Work to complete: Set down, please, the line that contains "High Quality Shared Path" and every line that follows it to the end of the records, exactly; do not include pictures.

[Start of section]

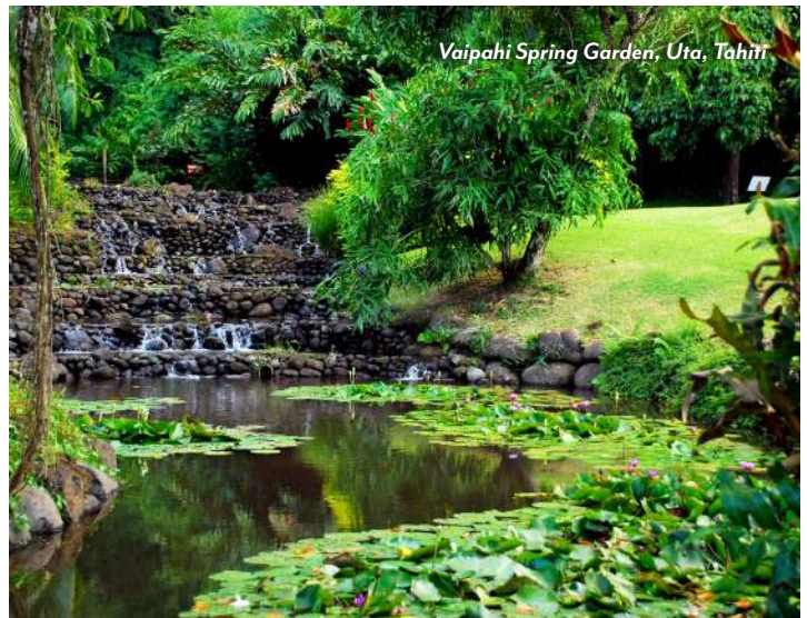
Vaipahi Spring Garden, Uta, Tahiti

All Program Features are contingent upon final brochure pricing. 2026
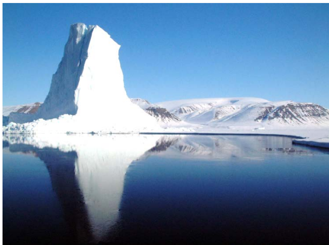
An iceberg at the edge of Baffin Bay's sea ice is just one of the many sights from Thule Air Base, Greenland.

The Arctic 1 is at a strategic inflection point as its ice cap is diminishing more rapidly than projected 2 and human activity, driven by economic opportunity—ranging from oil, gas, and mineral exploration to fishing, shipping, and tourism—is increasing in response to the growing accessibility. Arctic and non-Arctic nations are establishing their strategies and positions on the future of the Arctic in a variety of international forums. Taken together, these changes present a compelling opportunity for the Department of Defense (DoD) to work collaboratively with allies and partners to promote a balanced approach to improving human and environmental security in the region in accordance with the 2013 National Strategy for the Arctic Region . 3
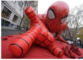
The Most Valuable Movie Franchises Of All-Time: 24/7 Wall St.
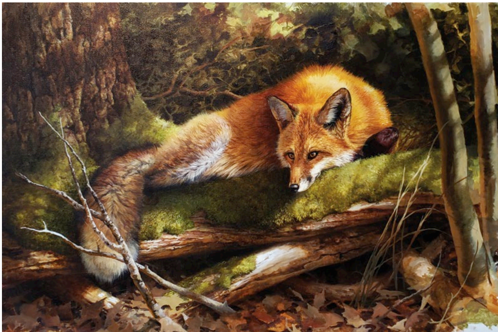
Farewell to Summer , oil on canvas, 24 x 36"
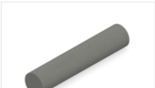
TE Part #2452641-1 SNA Cord 1.6mm x 10m L
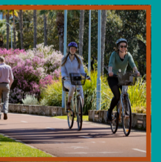
High Quality Shared Path
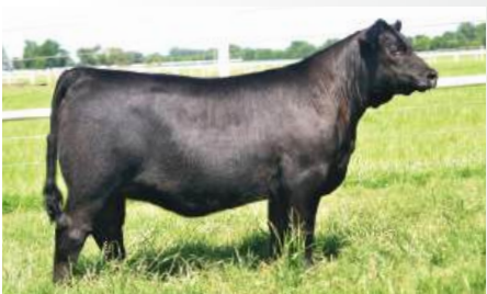
EXAR Elba 3611 »» Maternal Sister to EXAR Bedlam 2936B
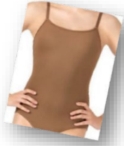
(camisole with attached bra)

To ensure that all female students have the proper inconspicuous support, we are recommending the following leotard purchase as well. The undergarments (bras and/or leotards) should be your skin tone. If any assistance is needed to purchase the proper tone, please inquire.
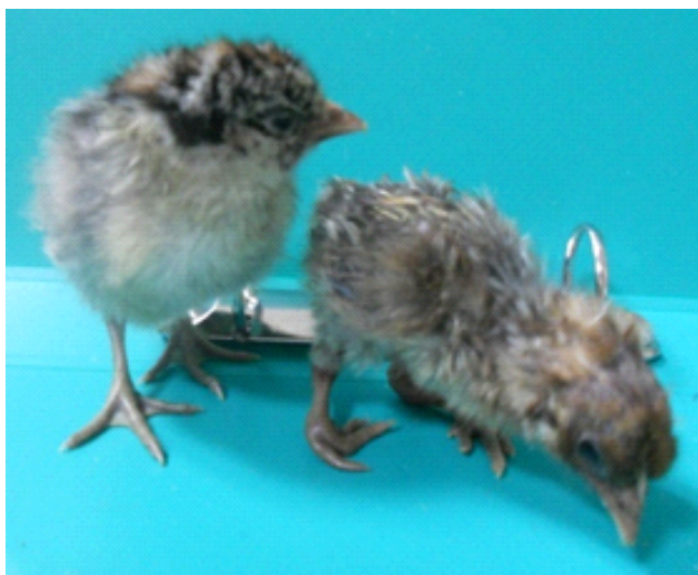
Figure 2: Photograph of chick embryo belonging to experimental group (B2) with inability to stand (arrow) compared with age matched control (A2)
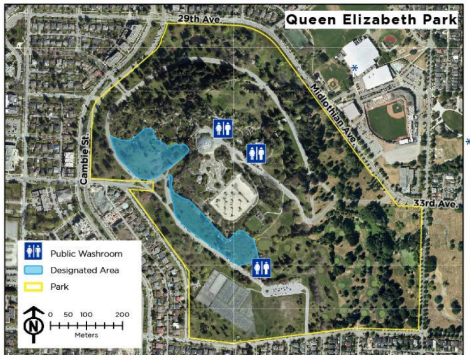
15. Queen Elizabeth Park – Designated Area

[End of section]

Exercise solution:
High Quality Shared Path
EXAR Elba 3611 »» Maternal Sister to EXAR Bedlam 2936B
(camisole with attached bra)

To ensure that all female students have the proper inconspicuous support, we are recommending the following leotard purchase as well. The undergarments (bras and/or leotards) should be your skin tone. If any assistance is needed to purchase the proper tone, please inquire.
Figure 2: Photograph of chick embryo belonging to experimental group (B2) with inability to stand (arrow) compared with age matched control (A2)
15. Queen Elizabeth Park – Designated Area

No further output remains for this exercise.